If you follow my articles, you will know that I value research and understanding of the topics I present. This month, I came across the following article from Weekly Real Estate News and felt I needed to share it directly from the source as it is plain and simple to understand. Here is a link to the original story published March 29, 2023 by John G. Stevens.
Mortgage rates continue their upward trajectory as the Federal Reserve continues their pointed and aggressive response to stubborn inflation, with weekly U.S. average at 6.73% as of 3/8/23. This means that would-be homebuyers are continuing to face challenges of affordability and low inventory.

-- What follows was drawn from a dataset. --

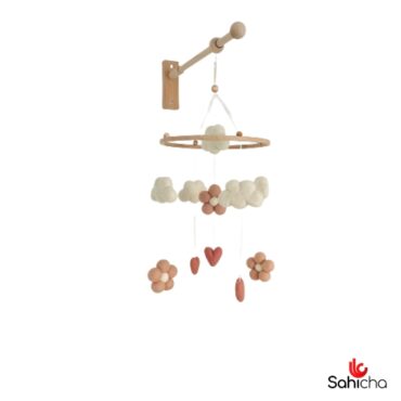 Felt Cloud & Floral Baby Hanging Mobile – Handmade 100% New Zealand Wool

Let’s take a step back into history where mortgage rates have been and why.
LOWEST RATES IN HISTORY
2020 the average mortgage rate was 3.11%, and it kept falling to a new record low of just 2.65% in January of 2021. This was all due, however, to COVID-19 and the policies that were out in place from the federal reserve. Houses were flying off the shelf during the early COVID-19 pandemic as people were looking to move out of the cities and buying land when the cost of homes was high and the mortgage rates were low.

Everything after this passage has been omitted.